EXERCISE DESCRIPTION: Transcribe the full listing below, word for word, without pictures.
--- SUPPLIED INFORMATION Enclosed Below ---
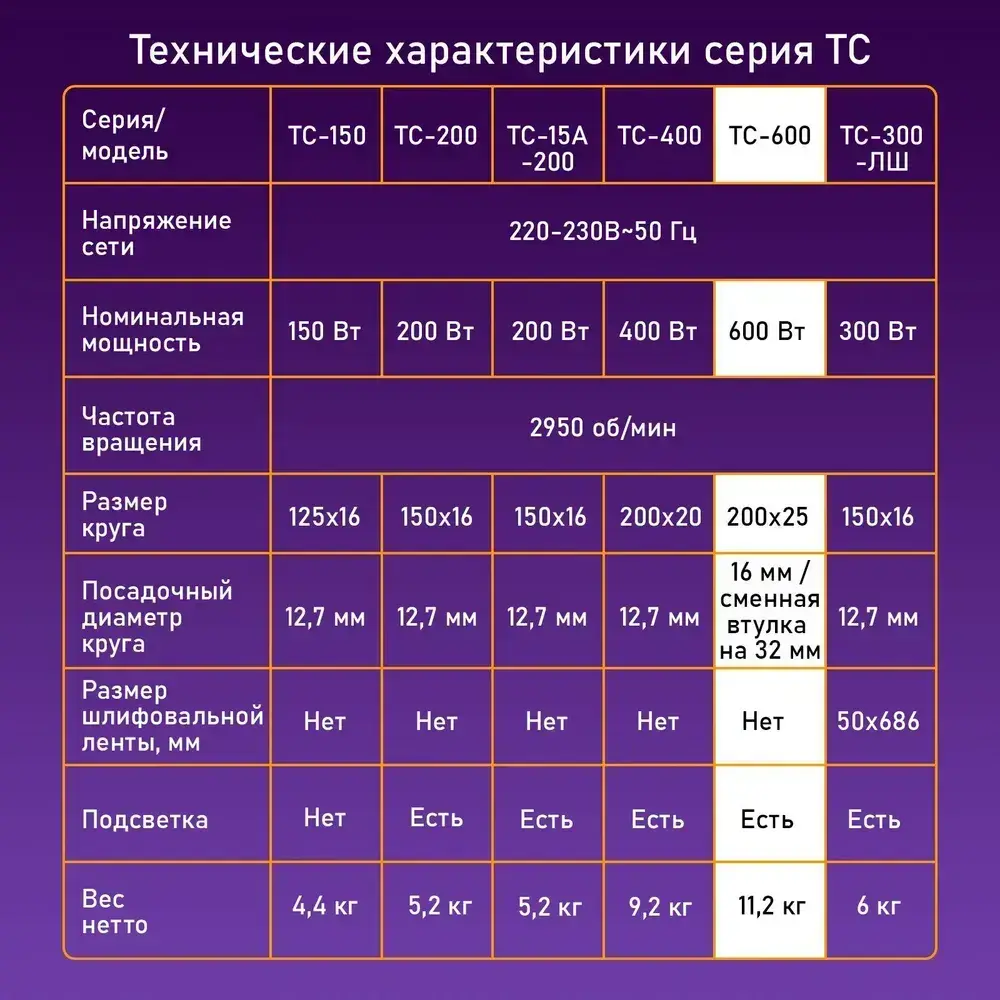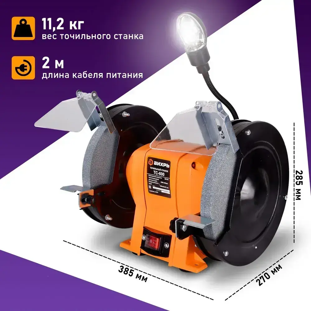 Точильный станок электрический ТС-600 Вихрь (600 Вт, круг 200 мм) - // наждак электрический настольный
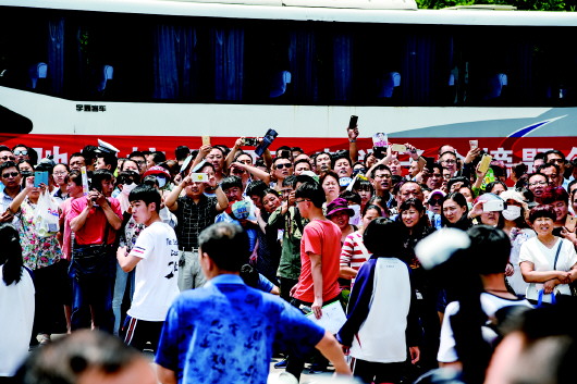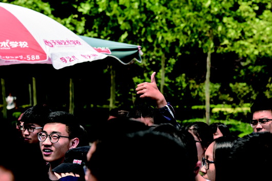 考点外的家长头顶烈日,高举手机 等待走出考场的考生。
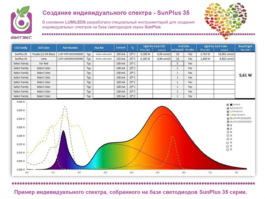 Создание индивидуального спектра - SunPlus 35В компании LUMILEDS разработали специальный инструментарий для создания
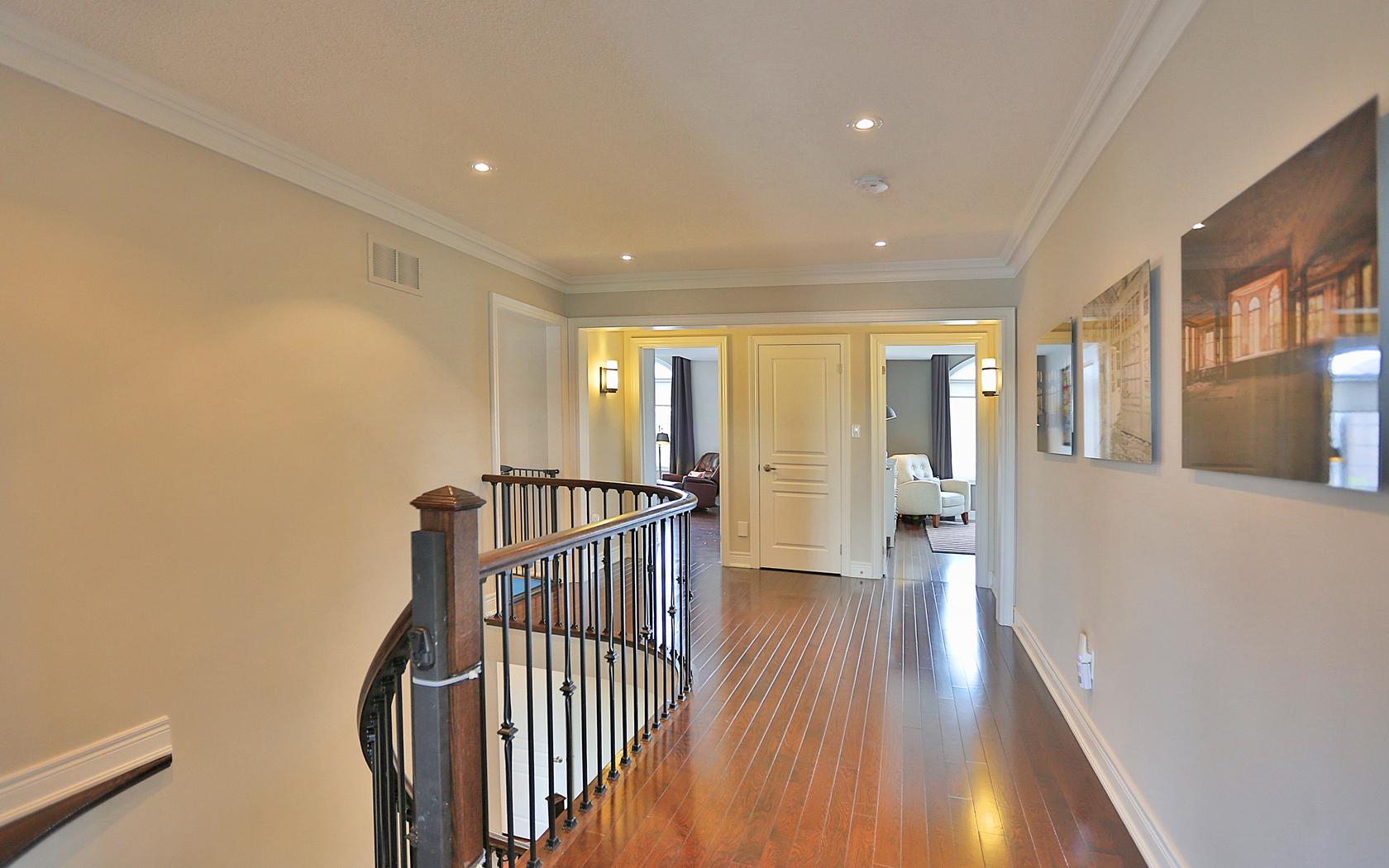 A open winding oak staircase with wrought-iron pickets leads upstairs to the bedroom level. The 2nd floor is also covered in dark-stained hardwood, and features 4 well sized bedrooms, 3 of which feature ensuite bathrooms. The 2 front bedrooms are a great size and each come with a 4-piece ensuite bathroom, complete with ceasarstone counter-tops, porcelain tiles, mosaic trim and upgraded faucets. Furthermore, these two front facing bedrooms have beautiful decorative windows, oversized closets with organizers and blackout blinds with drapes.
--- End of Enclosed SUPPLIED INFORMATION ---
SOLUTION FOR THIS EXERCISE:
 Точильный станок электрический ТС-600 Вихрь (600 Вт, круг 200 мм) - // наждак электрический настольный
 考点外的家长头顶烈日,高举手机 等待走出考场的考生。
 Создание индивидуального спектра - SunPlus 35В компании LUMILEDS разработали специальный инструментарий для создания
 A open winding oak staircase with wrought-iron pickets leads upstairs to the bedroom level. The 2nd floor is also covered in dark-stained hardwood, and features 4 well sized bedrooms, 3 of which feature ensuite bathrooms. The 2 front bedrooms are a great size and each come with a 4-piece ensuite bathroom, complete with ceasarstone counter-tops, porcelain tiles, mosaic trim and upgraded faucets. Furthermore, these two front facing bedrooms have beautiful decorative windows, oversized closets with organizers and blackout blinds with drapes.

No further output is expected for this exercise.